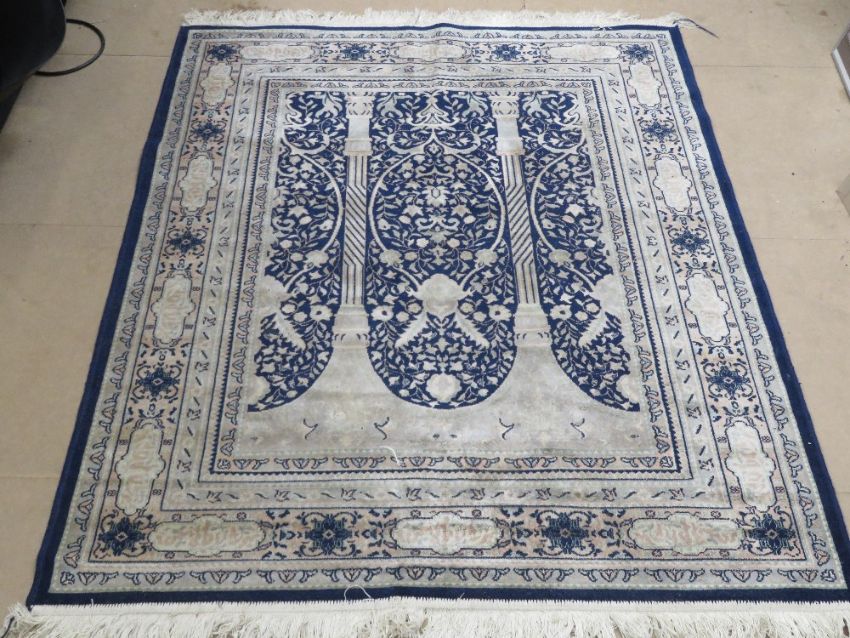 A silk rug in blue ground having Architectural design upon, 170 x 126cm.
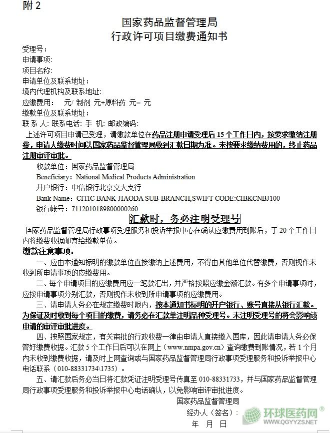 (四)藥品注冊申請受理后15個(gè)工作日內(nèi)按照要求繳納注冊費(fèi),申請人繳費(fèi)時(shí)間以國家藥品監(jiān)督管理局收到匯款日期為準(zhǔn)。未按要求繳納的,終止藥品注冊審評審批。
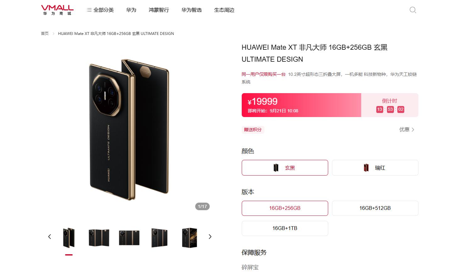 华为Mate XT提供三种配置,满足不同的存储需求:16GB+256GB存储,售价19999元16GB+512GB存储,售价21999元16GB+1TB存储,售价23999元
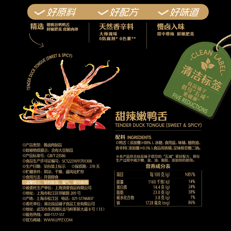 良品铺子甜辣嫩鸭舌40g酱鸭舌头小零食小吃卤味鸭肉 满减专区
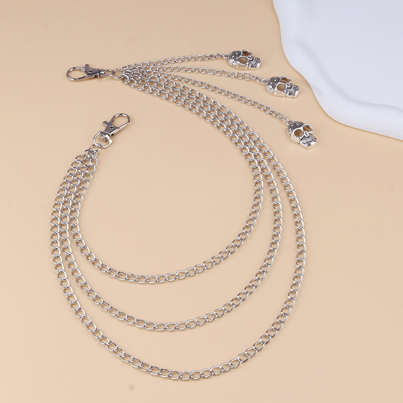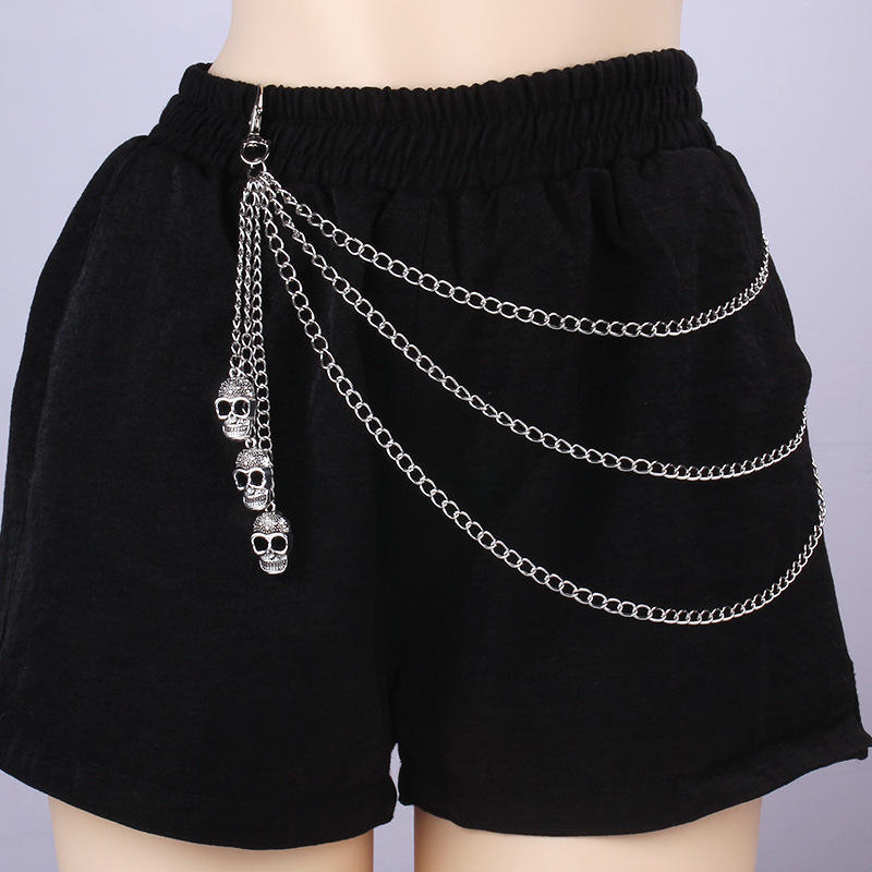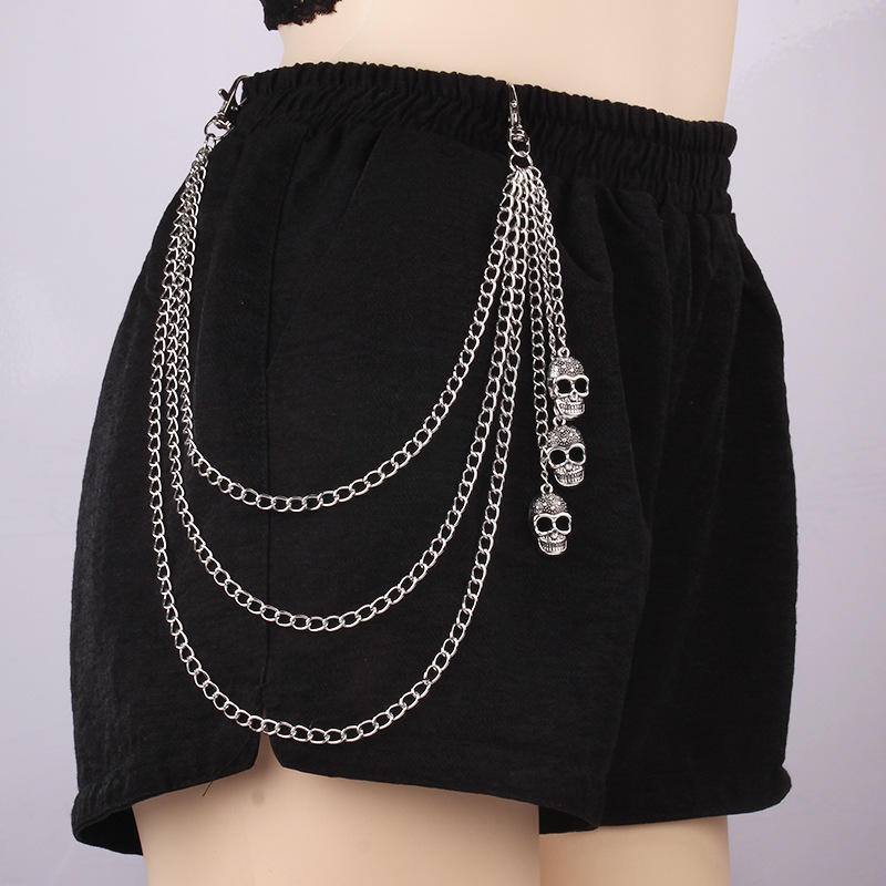 Chaîne de taille Crâne Triple Couche en Métal Style Punk, Chaîne de Corps Unisexe, Accessoire de Mode Quotidien, Bijou Décoratif en Alliage de Zinc
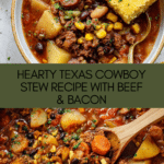 Texas Cowboy Stew is a hearty, flavorful dish packed with smoky bacon, tender beef, and a mix of beans and vegetables. It’s a perfect one-pot meal that’s satisfying and simple to prepare, ideal for cozy dinners or feeding a crowd.
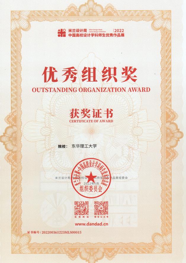 近日,2022年第六届米兰设计周——中国高校设计学科师生优秀作品展国赛评选落下帷幕,我校艺术学院荣获国家级奖项22项,分别为学生组一等奖1项、二等奖5项、三等奖4项、优秀奖12项,并荣获“优秀组织奖”;荣获省级奖项19项,分别为一等奖4项、二等奖7项、三等奖8项。
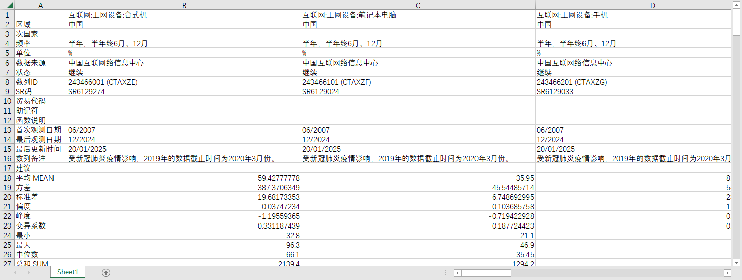 互联网:网民数 互联网:网民数:农村 互联网:网民数:城镇 互联网:网民数:手机接入 (DC)互联网:网民数:宽带接入 互联网:互联网普及率 互联网:互联网普及率:农村 互联网:互联网普及率:城镇 互联网:IPv4地址数 互联网:网民上网时长:每周
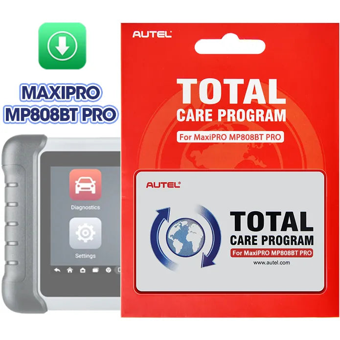 The orginal MaxiPRO MP808BT PRO Diagnostic Scanner include 1 Year FREE software updates and 1 Year warranty. After the initial year expires, you may purchase an additional 1-Year Update Service to upgrade your tool to latest software version to cover lates vehicle coverage and functions.
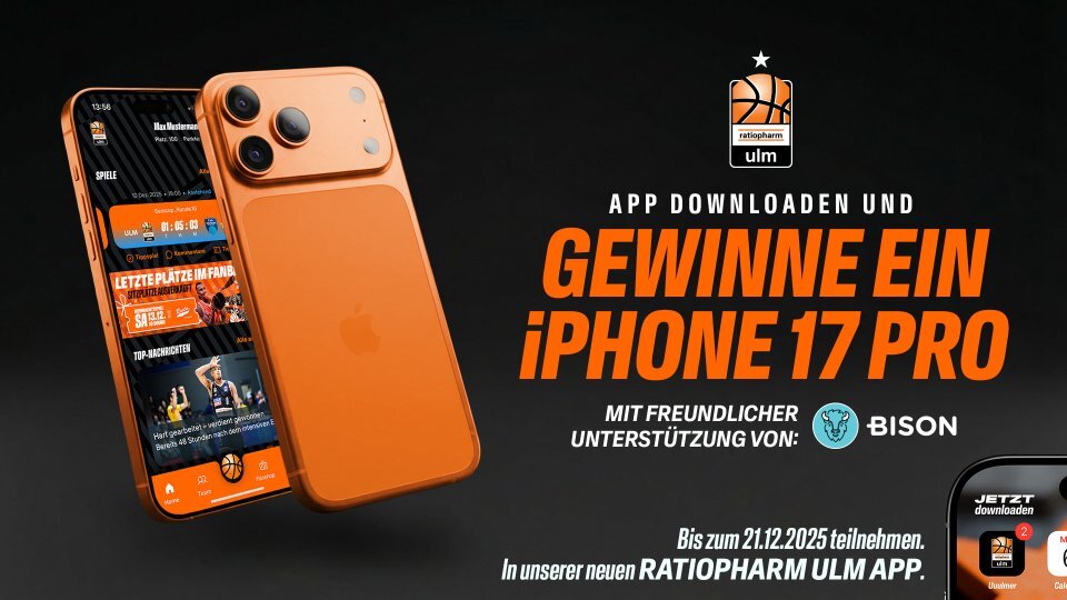 Das Gewinnspiel zu unserem ratiopharm ulm App-Launch wird präsentiert von Bison. Dank ihrer Unterstützung können wir einen besonderen Preis verlosen: ein brandneues iPhone 17 Pro, exklusiv für unsere App-Community. Mit Bison haben wir einen Presenter an unserer Seite, der für digitale Innovation, Verlässlichkeit und hochwertige Lösungen steht. Umso mehr freuen wir uns, diesen spannenden Moment gemeinsam zu gestalten und euch zum Start der App ein echtes Highlight bieten zu können. Auch im Januar haben wir gemeinsam mit Bison noch etwas vorbereitet, auf das ihr euch freuen könnt. Vielen Dank an Bison für die großartige Unterstützung und das Vertrauen in unsere Zusammenarbeit.

========================================================================

> _Exercise goal_:
Out of the records above, please copy exactly the lines from the line with "Chaîne de taille" up to and including the line with "The orginal MaxiPRO", minus the pictures.

> _Result of the exercise_:
 Chaîne de taille Crâne Triple Couche en Métal Style Punk, Chaîne de Corps Unisexe, Accessoire de Mode Quotidien, Bijou Décoratif en Alliage de Zinc
 Texas Cowboy Stew is a hearty, flavorful dish packed with smoky bacon, tender beef, and a mix of beans and vegetables. It’s a perfect one-pot meal that’s satisfying and simple to prepare, ideal for cozy dinners or feeding a crowd.
 近日,2022年第六届米兰设计周——中国高校设计学科师生优秀作品展国赛评选落下帷幕,我校艺术学院荣获国家级奖项22项,分别为学生组一等奖1项、二等奖5项、三等奖4项、优秀奖12项,并荣获“优秀组织奖”;荣获省级奖项19项,分别为一等奖4项、二等奖7项、三等奖8项。
 互联网:网民数 互联网:网民数:农村 互联网:网民数:城镇 互联网:网民数:手机接入 (DC)互联网:网民数:宽带接入 互联网:互联网普及率 互联网:互联网普及率:农村 互联网:互联网普及率:城镇 互联网:IPv4地址数 互联网:网民上网时长:每周
 The orginal MaxiPRO MP808BT PRO Diagnostic Scanner include 1 Year FREE software updates and 1 Year warranty. After the initial year expires, you may purchase an additional 1-Year Update Service to upgrade your tool to latest software version to cover lates vehicle coverage and functions.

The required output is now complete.